Pages

Saturday, 14 June 2014

Map Reduce Concept


Map Reduce Concept

Let us consider an example


  • Suppose we have a file with some text in it.
  • Now suppose we want to find out whether how many words are present in a particular file having a specific length.
  • Suppose we want to know the no. of words present in a file having length 6
  • We can follow the above map reduce concept and map each word to a function that calculates its length
  • Words having similar length are grouped together
  • These groups are further passed on to the reduce functions .Reduce functions can also work parallely.
  • So imagine such parallel reduce functions working together and producing the count of words having length as key which was passed to that particular function
  • Considering the above example the output of reduce functions tells us that there are 3 words whose length is 6.
  • Similarly other reduce function may output the number of words having length say 6 or 8 or any number.

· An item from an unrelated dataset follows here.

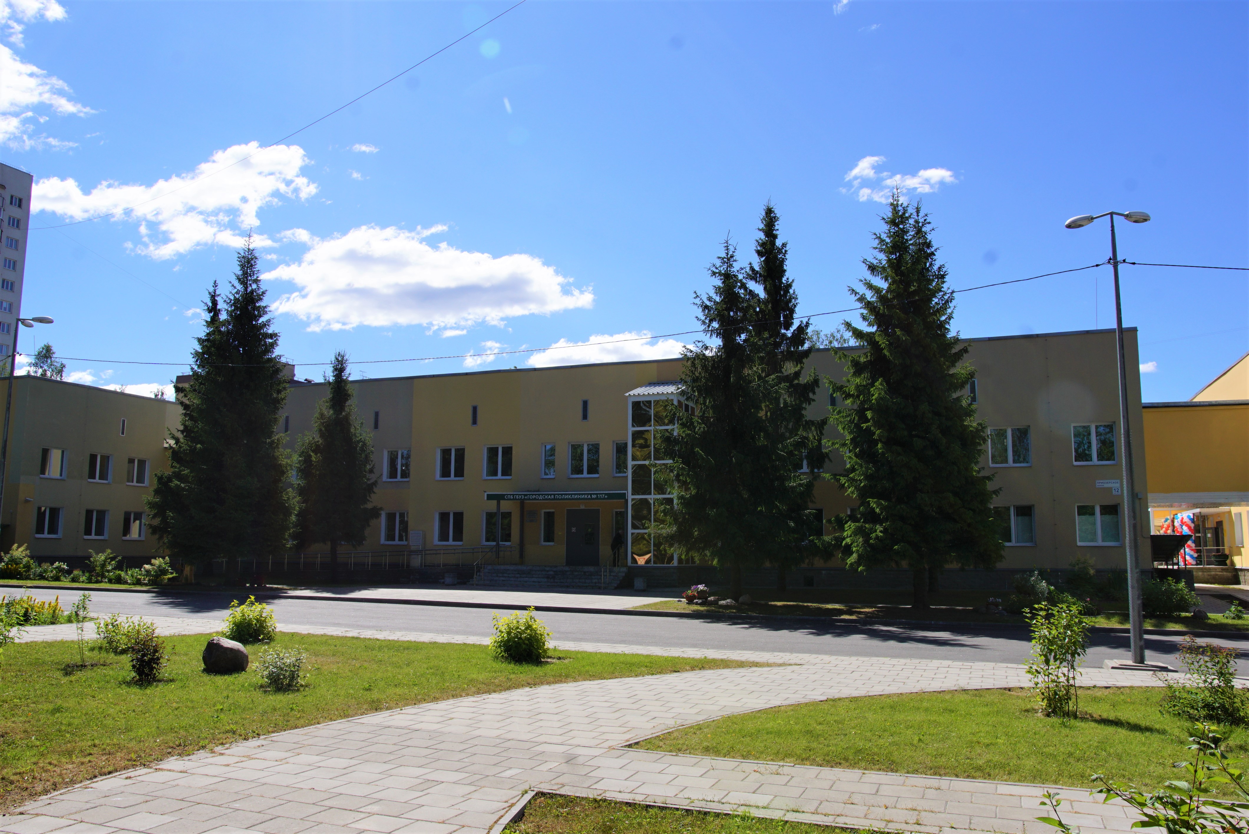 Ранее в одном из корпусов здания было открыто поликлиническое отделение «Городская поликлиника № 117» для оказания медицинской помощи взрослому населению, в другом детское поликлиническое отделение «Детская городская поликлиника № 63» для оказания медицинской помощи детскому населению. Сейчас 117 поликлиническое отделение по адресу Санкт‑Петербург, пос. Парголово, Осиновая роща, Приозерское шоссе, д. 12, лит. АЛ. Обслуживает – 4567 человек. В учреждении ведут прием высокопрофессиональные специалисты: кардиолог, невролог, хирург, травматолог-ортопед, уролог, оториноларинголог, офтальмолог, акушер-гинеколог, терапевт участковый, также проводится обследования пациентов в отделения лучевой и функциональной диагностики. Ежедневно в отделении дневного стационара проходят лечение 45 человек.

Why to use Hadoop Framework?

Let take an example where there are several files to be processed on a single machine.


  • Lets now assume that several files are being processed and one of the file is long enough to dominate the process and may eat up the process leaving other files unprocessed.
  • Hence we now decide to divide these files into chunks of equal size .This will ensure that all the files get same amount of processing time.
  • Being on a single machine we can achieve scalability by allotting each chunk to a thread.
  • Now imagine a larger data set ,such a huge data set may challenge the processing capacity of a single machine and this where Hadoop framework comes into picture.
  • Although paralleling is feasible,its tough practicing it
  • Hadoop Framework may help us achieve distributed processing huge data sets by implementing several commodity hardwares within a cluster.

Hadoop framework supports a programming model to achieve parallelism and this programming model is MapReduce.
MapReduce helps to analyse large scale data having enough number of machines deployed.